(ilustração de William Blake para a Divina Comédia de Dante)
Numa
entrevista concedida certa vez a Geneton Moraes Neto, Ariano Suassuna falou
sobre o assassinato de seu pai João Suassuna (morto de emboscada numa rua do
Rio, por um pistoleiro a mando de líderes políticos adversários). Sabendo que estava jurado de morte, João
deixou uma longa carta para a esposa e os filhos, dizendo que era inocente do
crime de que os inimigos o acusavam (de ter ordenado ou incentivado o
assassinato do governador João Pessoa), e dizendo: “Se eu for morto, não se
vinguem. Não se tornem assassinos por minha causa.”
O
assassino foi condenado a quatro anos e cumpriu dois; viveu até uma certa
idade, e houve uma época em que morou a poucos quilômetros de onde viviam a
viúva e os filhos da vítima, a esta altura todos adultos. Inquirido pelo
repórter, Ariano admitiu que passou a vida dividido entre essas duas forças
opostas, a possibilidade de vingança (e, de acordo com um certo código
sertanejo, a obrigatoriedade moral da vingança), e do lado oposto a serenidade
do pai e a firmeza da mãe. E ele diz a
certa altura: “Eu já cheguei a rezar por ele”.
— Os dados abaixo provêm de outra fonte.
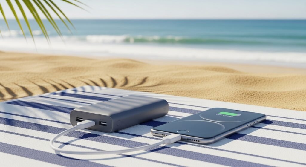 Beach activities which include taking pictures and playing music together with using high screen brightness will cause phone batteries to discharge quickly. The portable charging device which fits in your pocket allows you to maintain connectivity until you require a ride home.

Geneton pergunta: “E o que falta para perdoá-lo?” Ele diz: “Sentir por
ele o mesmo que sinto pela minha esposa, meus filhos, meus amigos”.
Ariano
tinha essa angústia moral dostoievskiana diante da face torva do mundo. Diz ele
na entrevista que considera o inferno como uma parte mais profunda do
purgatório, um lugar de expiação, onde as almas sofrem uma purificação pelo
sofrimento e de onde um dia podem emergir, redimidas. “Eu me recuso a acreditar na eternidade do inferno,” diz ele na
entrevista. “Isso seria um absoluto, e absoluto só Deus. E hoje, depois de
pensar muito anos, eu diria que estou me aproximando do perdão, porque se
dependesse de mim a permanência dele no inferno, eu diria: pode sair.”